Occupy Wall Street protesters walk 200 miles, eat at Co-op

A traveling contingent of Occupy Wall Street protesters came through the campus yesterday as part of their two-week odyssey from New York City to Washington, D.C., stopping at the Maryland Food Co-Op to eat and spend time speaking with students from this university.

The 25 “Occupy the Highway” marchers were cobbled together from various protests on the 200-plus mile trek from Zuccotti Park, the now-famous square in Manhattan’s Financial District that played host to the genesis of the grassroots anti-corporatism movement that has now spread across the country. Two students joined the group at the Co-op and continued on with them.

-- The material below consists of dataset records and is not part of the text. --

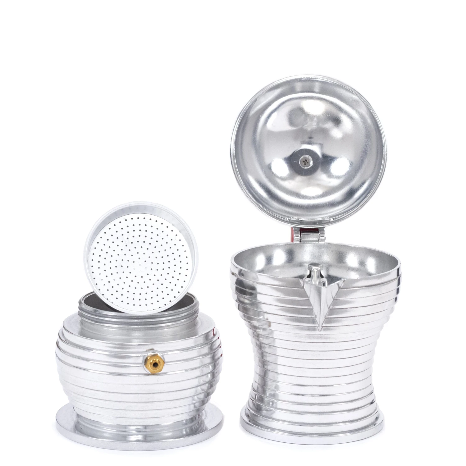 The Alessi Pulcina is a stylish aluminum moka pot that produces 3 cups (5.25 oz) of full-bodied aromatic stovetop coffee. Featuring a unique shape that achieves optimal extraction and enhances aroma, this ground-breaking moka pot successfully combines technological expertise and impeccable design.
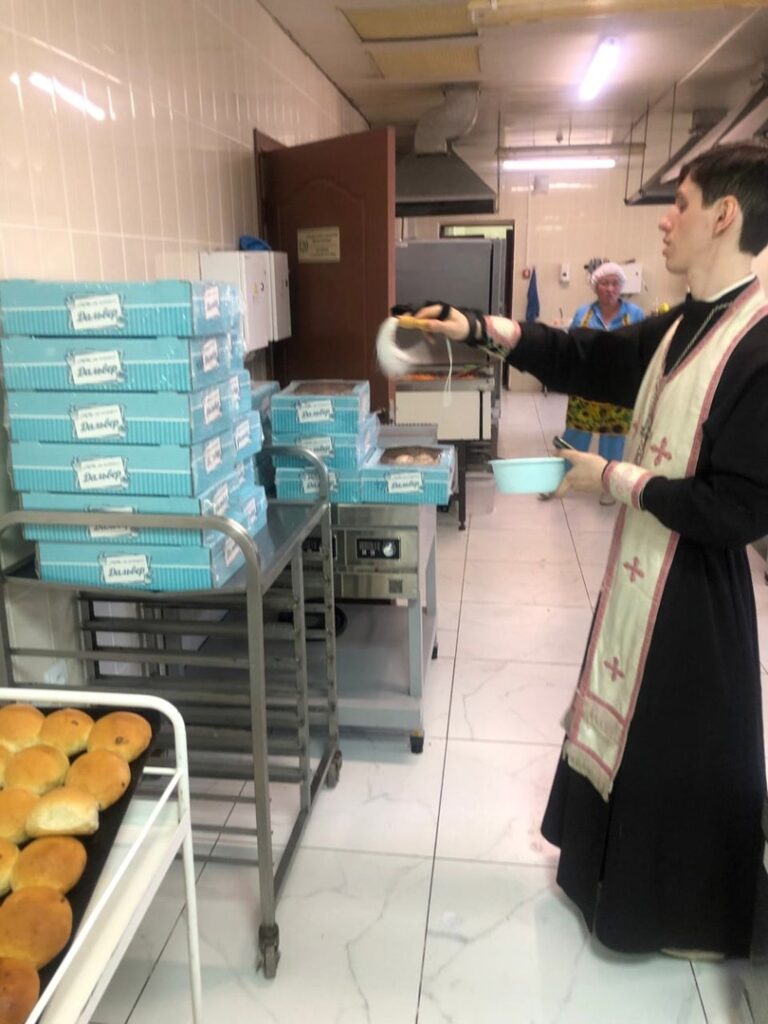 — в геронтологическом центре «Именлек» братья и сёстры милосердия сначала оказали помощь в кормлении обедом слабых жителей, потом помогли людям собраться на праздничное богослужение в актовом зале. Был прочитан Пасхальный канон. Клирик Свято-Сергиевского храма г. Уфы иерей Димитрий Назаров окропил святой водой молящихся, зачитал послание Патриарха. На общей молитве присутствовало 35 человек. Затем батюшка освятил куличи в столовой;
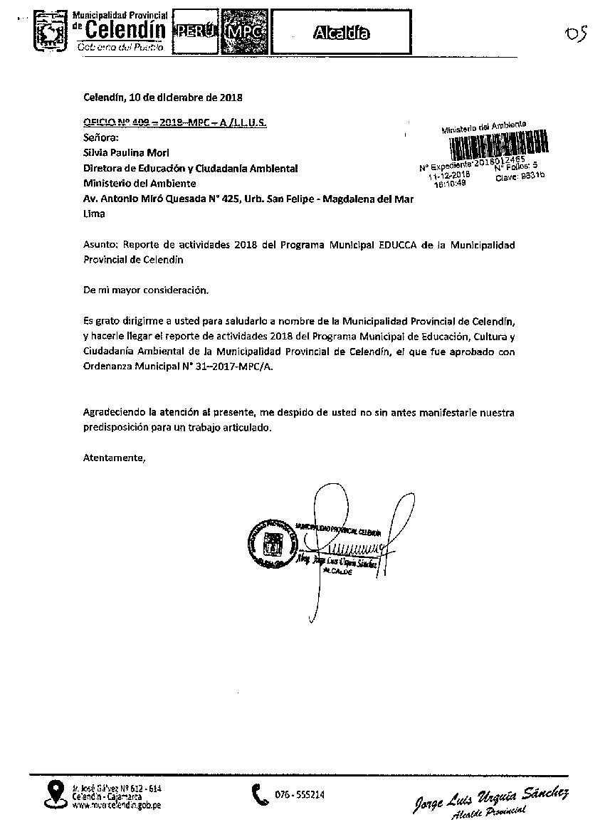 Y de acuerdo al instructivo para elaborar e implementar del Programa Municipal de EDUCCA (Resolución Ministerial N°456- 2018- MINAM), la Municipalidad Provincial de Celendín remite al MINAM las actividades desarrolladas el 2018 en el marco del Programa Municipal EDUCCA- Celendín aprobado con Ordenanza Municipal N° 031-2017-MPC/A el 11 de diciembre del 2017.
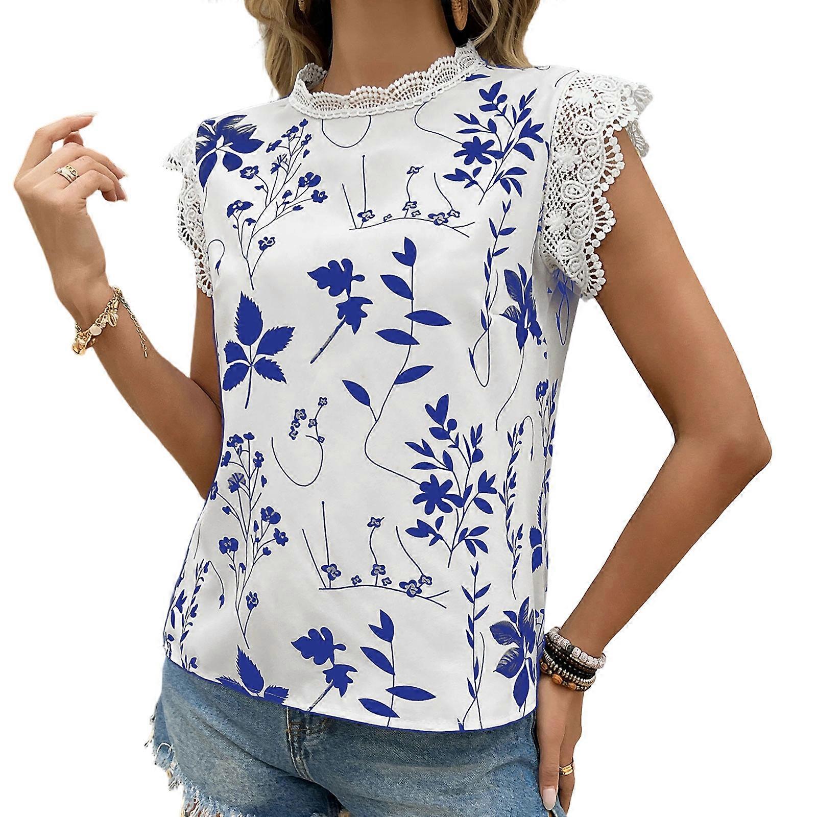 Women's Floral Print Lace Patchwork T Shirts Casual Boho Cap Sleeve Crewneck Blouses Tops white blue XL
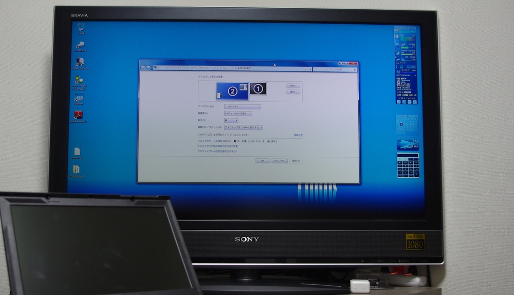 最近 PC で動画を見ることが多いのですが、やはりノート PC の小さめな画面じゃちょっと迫力に不足する・・・そんな小さな不満を持っていました。我が家の TV は Sony の BRAVIA。DSUB15 な RGB 入力は持っていますので、ThinkPad と接続することはできます。が、解像度が低いところまでしかサポートされていないのと、16:9 のアスペクト比でうまく出力できないという問題が・・・
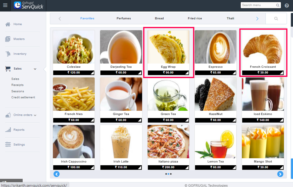 The cost of the modifier is automatically added to the sales bill while choosing the item.
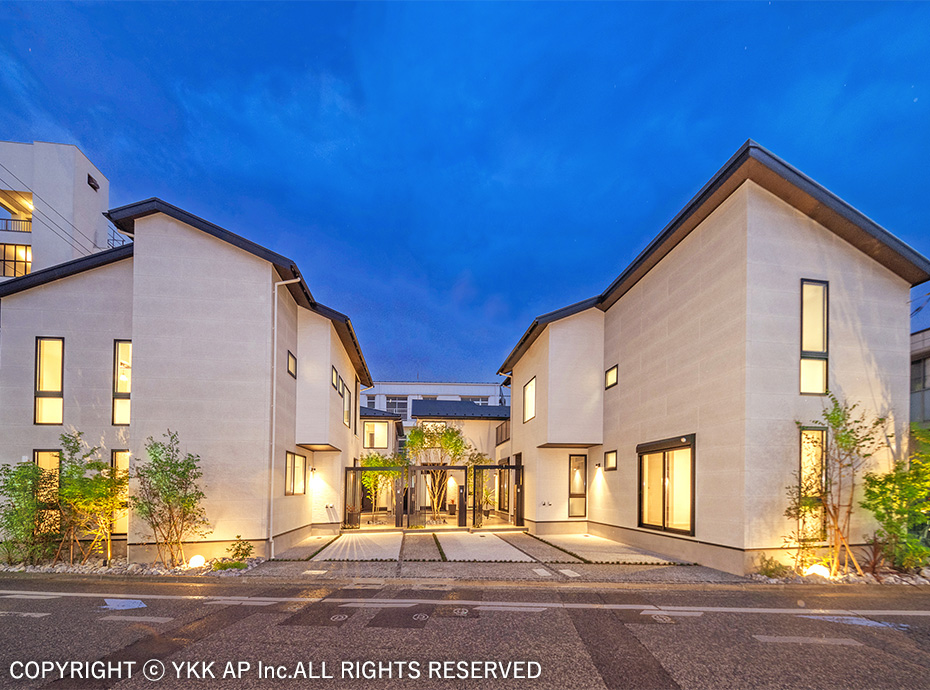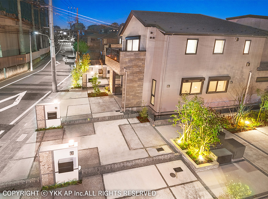 無機質になりがちなアスファルトを排して、インターロッキング素材で全面舗装された道路空間を囲んだ、コミュニティの形成を目指したまちづくりの提案となっています。まちなみ景観上道路との繋がりに対して重要なポイントとなる足元には、プリュードや景石、適度な緑化による巧みな修景により、空間的な連続性を確保することに成功しています。夜間の演出も、注意深く配置された壁面照射や軒下照明により、魅力的な夜景を演出しつつ、建物側から滲み出る室内光ともあいまって、街区全体としての防犯性能も高められた提案となっています。
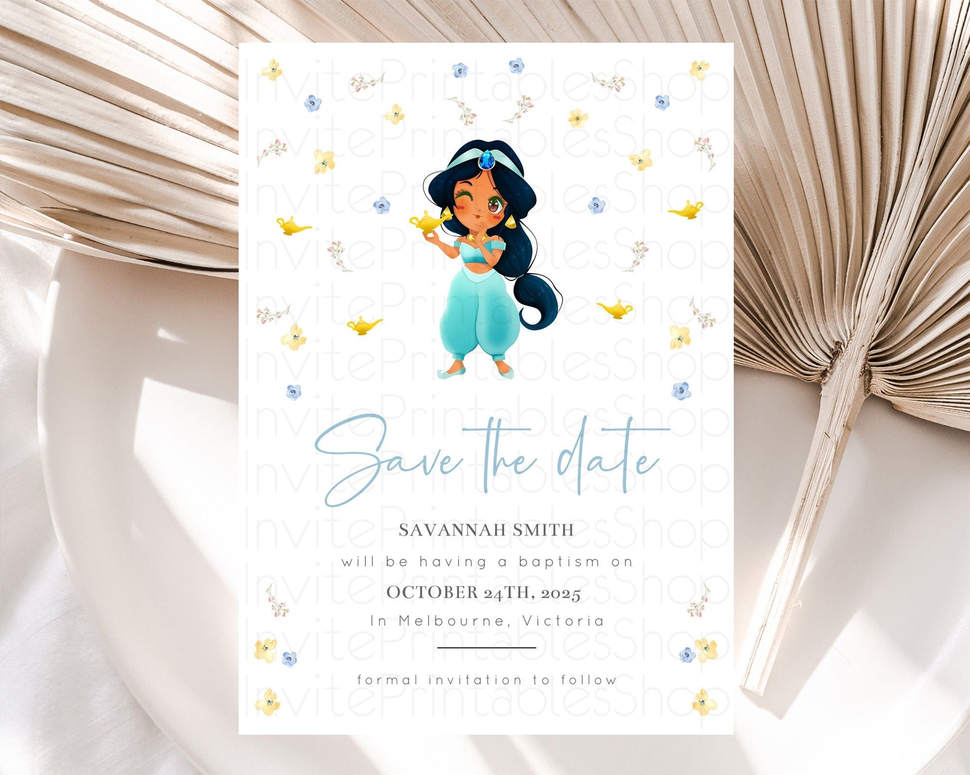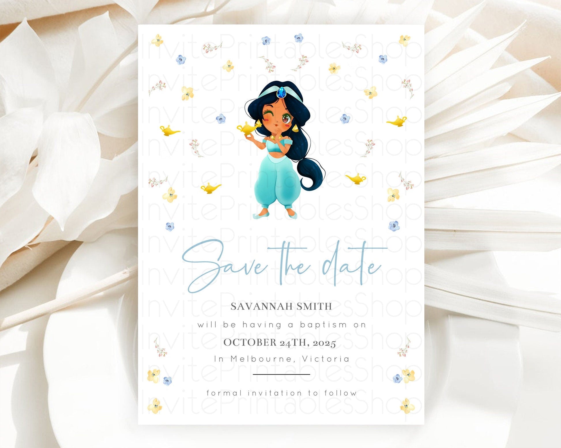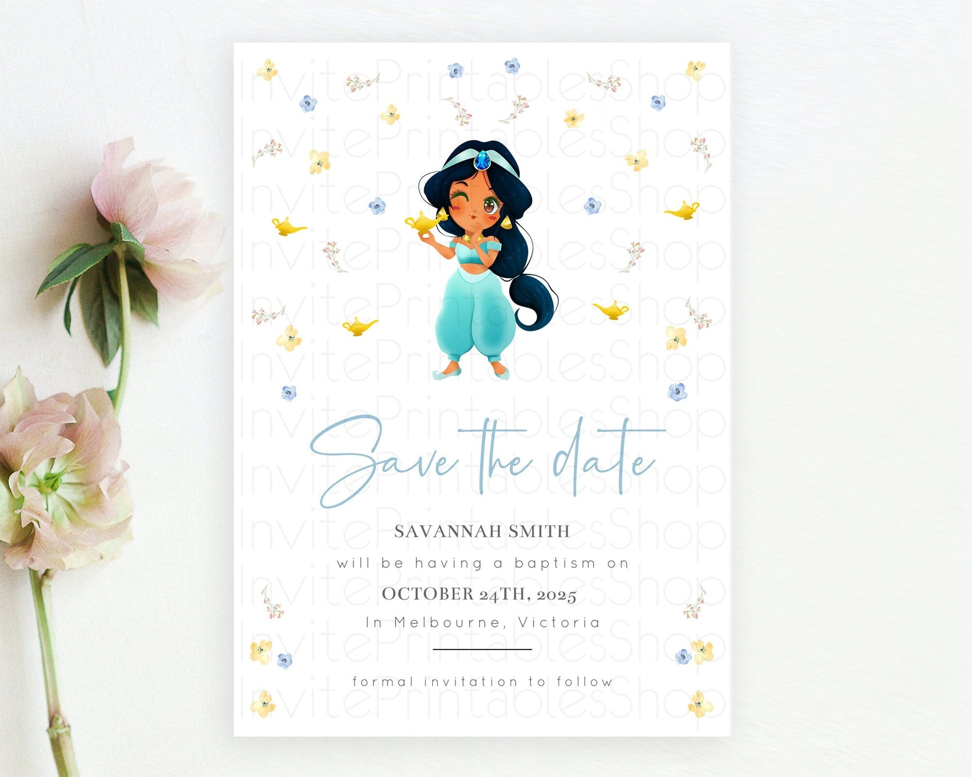Princess Save The Date Template Secret Garden Enchanted Castle Pastel Floral Royal Party For 1st Birthday Baptism Baby Shower D10887
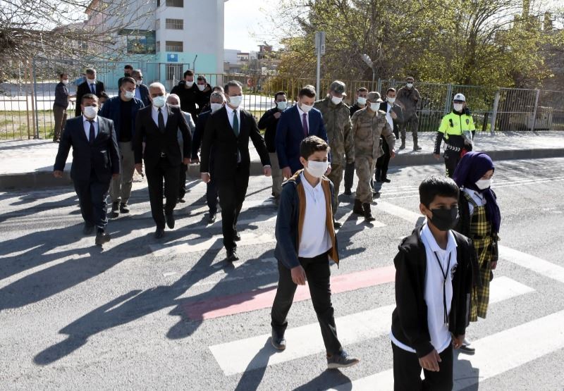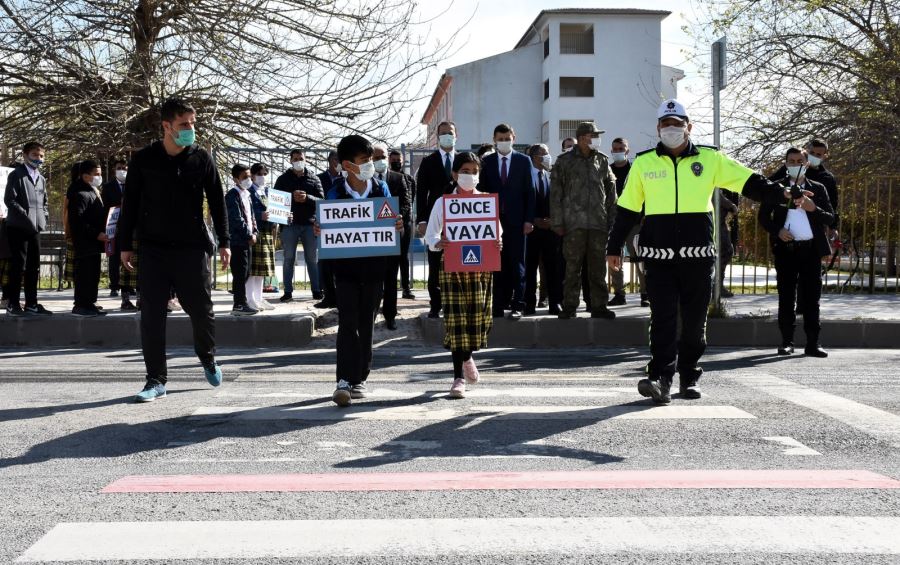 Trafik Polisi Görevlileri tarafından yapılan bilgilendirmeden sonra Kaymakam ve Belediye Başkan Vekili Yalçın, öğrencilere kırmızı düdük ve broşür dağıttı. Daha sonra protokol üyeleri ve öğrenciler yaya geçidin kullanarak yolun karşısına geçti.
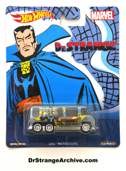 Item: Hotwheels Dr. Strange GMC Motorhome Date: 2015 Type: Toy Size: 5 1/4" x 6 1/2" Company: Mattel Description: This is a Dr. Strange Hotwheels GMC Motorhome. It has dual rear axils and the very first image of Dr. Strange form Strange Tales 110 Master of Black Magic on the side. The vehicle measures approximately 3" long. There are several reference numbers on the back of the card: TPN 5_K7, DJG97-4B10, DLB45.
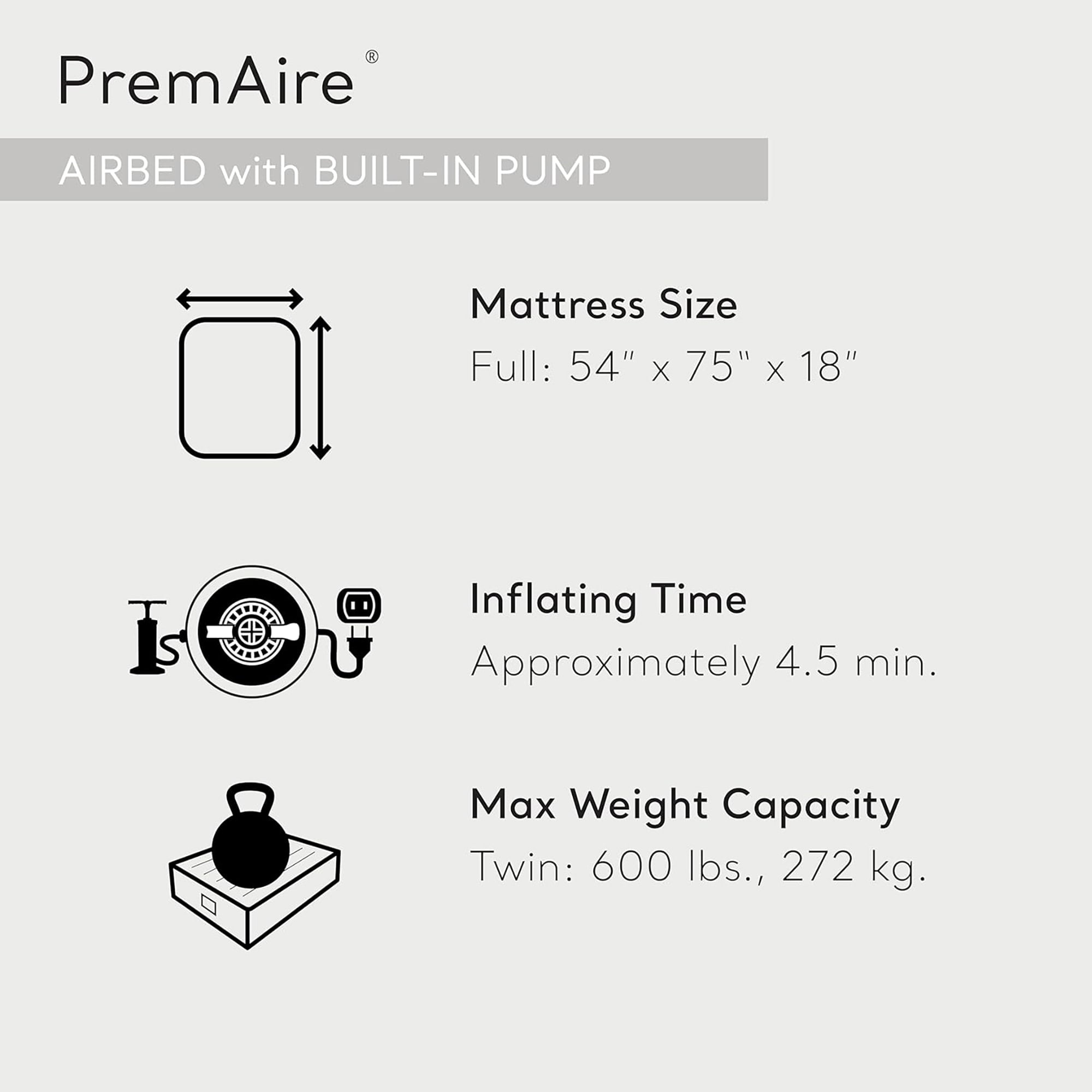INTEX: PREMAIRE I: FULL – ELEVATED AIRBED – Elevate your sleeping experience with the Intex PremAire I Full Airbed, the ultimate blend of luxury, durability, and convenience. Engineered with patented Fiber-Tech Construction, this airbed offers unparalleled structural stability and support, ensuring you rest comfortably whether you’re at home or on the go. The soft pillow-top surface features specially designed air chambers that allow air to flow smoothly, delivering a plush and supportive feel. For added durability, the 2-ply laminated PVC sides and bottom provide exceptional puncture resistance while maintaining optimal air retention. Standing at 18 inches in height, this elevated airbed offers the convenience of easy entry and exit, mimicking the feel of a traditional mattress. The powerful internal pump inflates the bed in approximately 2.5 minutes, making setup effortless. The bed deflates just as quickly for easy storage in the stylish lightweight carry bag included with your purchase. With dimensions of 54″ x 75″ x 18″, a maximum weight capacity of 600 lbs, and a 1-year limited warranty, the Intex PremAire I Full Airbed is designed to deliver premium comfort and long-lasting performance. Whether you’re hosting guests or heading on an adventure, this airbed ensures a restful night’s sleep every time. KEY FEATURES OVERVIEW: 1) 64903ED Intex 18in Full PremAire I Airbed with Internal Pump. 2) Built with our patented Fiber-Tech construction, our PremAire I beds offer superb structural stability and support. The high-strength fibers provide an interior with amazing durability and unmatched comfort. The bottom and sides of the mattress are made of laminated PVC to provide high-quality puncture resistance. The mattress pillow top is made up of air pockets that allow air to flow smoothly and gradually across the surface for an unparalleled sleeping experience. 3) Soft pillow top sleeping surface – Specially designed chambers allow air to flow smoothly across the top of the airbed for added comfort. 4) Durable 2-ply material – Laminated PVC side walls and bottom firmly retain air while providing a high-quality puncture resistant surface. 5) 18in bed height – The bed´s elevated height makes it easier to get in out of the bed. 6) Lightweight carry bag – stylish carry bag for easy storage and transport. 7) Powerful internal pump for rapid inflation and deflation. 8) Approximate inflation time is 3.5 mins. 9) Approximate inflated size 54″ x 75″ x 18″. 10) Max weight capacity 600 lb. 11) 1-Year Limited Warranty.
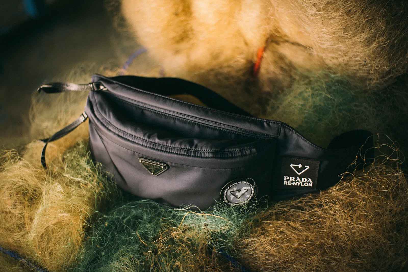 L’innovazione in campo tessile non si limita solamente al riuso degli scarti vegetali, estendendosi alla rigenerazione di materiali esistenti ed alla creazione di nuove fibre in laboratorio. Le fibre rigenerate dalla plastica oceanica rappresentano un passo cruciale nella lotta contro l’inquinamento. Poliammidi come Econyl trasformano reti da pesca abbandonate e altri rifiuti plastici in nylon di alta qualità. Viene utilizzato per activewear, costumi da bagno e persino capi di lusso. Il riciclo riesce così ad avere un’estetica raffinata. Rilevante in questo senso la collaborazione con Prada Re-Nylon che, attraverso un processo di depolimerizzazione, purificazione e trasformazione dei nuovi polimeri in fili, trasforma questo materiale in nuovo tessuto, e quindi in iconici design.
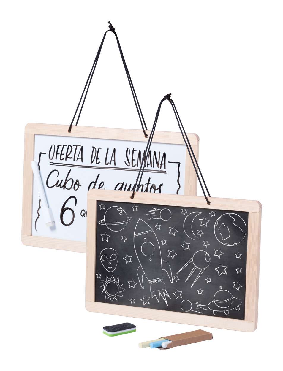 Set bacheca doppia: un lato con lavagna nera e il retro con piano scrivibile; il set comprende anche 3 gessetti, 1 pennarello ed 1 gomma.
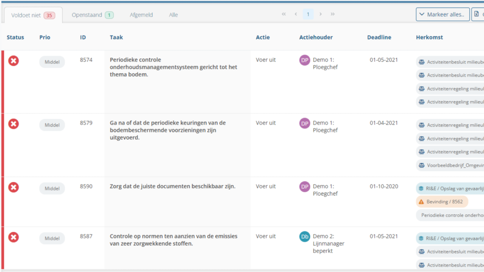 - De meest urgente taken staan bovenaan.
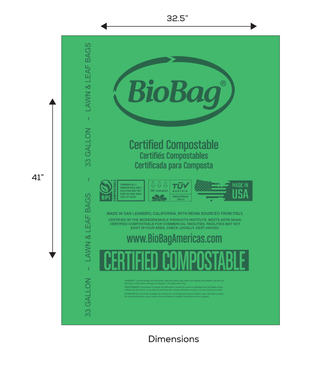 Biobag Lawn, Leaf & Yard Waste Bags are ideally used for the collection of lawn, grass, and other yard waste for municipal and community composting. Our Lawn, Leaf & Yard Waste Bags are sized equivalent to regular yard waste plastic bags. These bags breathe without leaking, which can reduce the weight of the bag at pick up because moisture can evaporate. Usage testing confirms that consumers significantly prefer Biobag® Lawn & Leaf Bags to paper bags for the collection of yard waste. Consumers like the fact that Biobags give, allowing more waste to be collected per bag. They also prefer bags made from renewable crops to either bags made from trees or petroleum. FOR BEST USE: Use within one year of purchase and store in a cool, dry place.

“I find it really amazing that they would take the energy — it’s a logistical nightmare to walk over 230 miles,” said sophomore geography major Jordan Tessler, a member of Occupy UMD. “Especially in the middle of November, it’s just really inspiring.”

While several marchers had come from New York, there were protesters from all along the route — Delaware, northern Maryland and, now, College Park. And their beliefs were as varied as their hometowns: Marcher Cologino Rivera, for example, said “[the] initial goal was to protest the supercommittee in Congress, and the Bush tax cuts for the top one percent,” but has since become a “protest in solidarity … Occupy Wall Street is really protesting the whole system.”

Several others said the point wasn’t to protest at all, but simply work toward a sustainable society. New Yorker Melvin Hicks had a more general notion of the movement:

“I was losing faith in hope and humanity in America,” Hicks said. “This march showed me that people have a heart and want change. This right here shows me that there’s still hope for this country.”